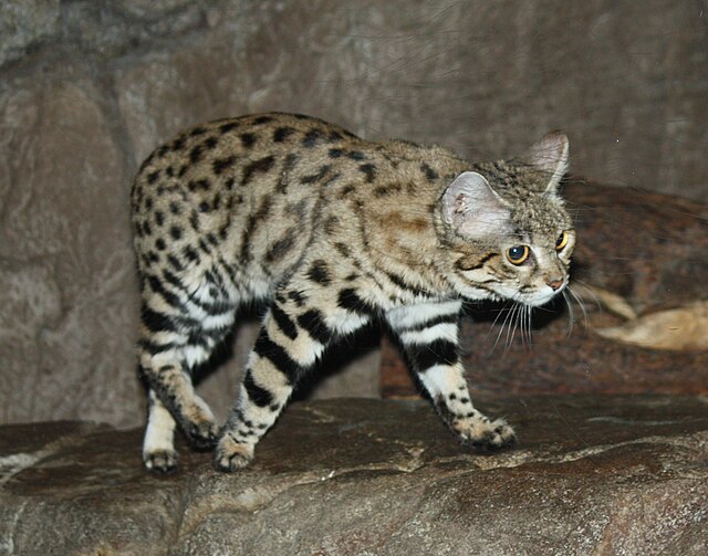 斑点のある小型ネコの中でも、オセロット属(Leopardus)ではなく、アフリカの乾燥地に適応したFelis属の仲間に分類されます。
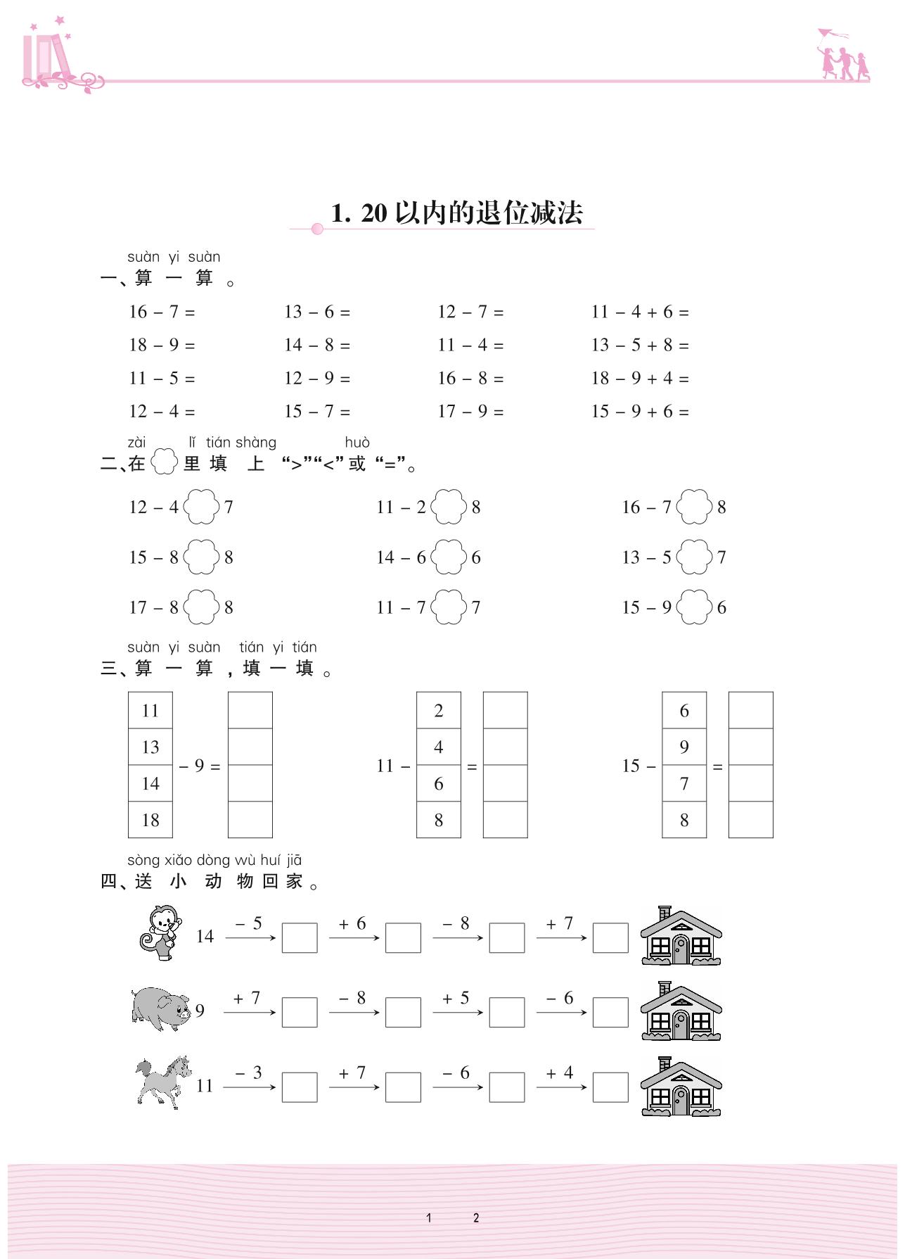 2021下册一年级数学苏教版 七 期末复习——1. 20以内的退位减法
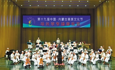 在第十九屆中國·內(nèi)蒙古草原文化節(jié)馬頭琴專場音樂會上,中國烏審馬頭琴交響樂團(tuán)演奏《草原歡歌》。音樂會分為上半場和下半場,分別由烏審馬頭琴交響樂團(tuán)和齊·寶力高野馬馬頭琴樂團(tuán)演奏,為觀眾開啟氣勢磅礴富有草原文化特色的音樂之旅。記者 王磊 攝
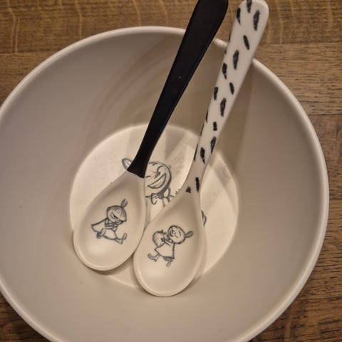 Selger 1 skje fra Min Spire. Designet for små barnehender som ønsker å spise selv.

Task item: Produce the data again character for character, with the images left out.

Solution:
 斑点のある小型ネコの中でも、オセロット属(Leopardus)ではなく、アフリカの乾燥地に適応したFelis属の仲間に分類されます。
 2021下册一年级数学苏教版 七 期末复习——1. 20以内的退位减法
 在第十九屆中國·內(nèi)蒙古草原文化節(jié)馬頭琴專場音樂會上,中國烏審馬頭琴交響樂團(tuán)演奏《草原歡歌》。音樂會分為上半場和下半場,分別由烏審馬頭琴交響樂團(tuán)和齊·寶力高野馬馬頭琴樂團(tuán)演奏,為觀眾開啟氣勢磅礴富有草原文化特色的音樂之旅。記者 王磊 攝
 Selger 1 skje fra Min Spire. Designet for små barnehender som ønsker å spise selv.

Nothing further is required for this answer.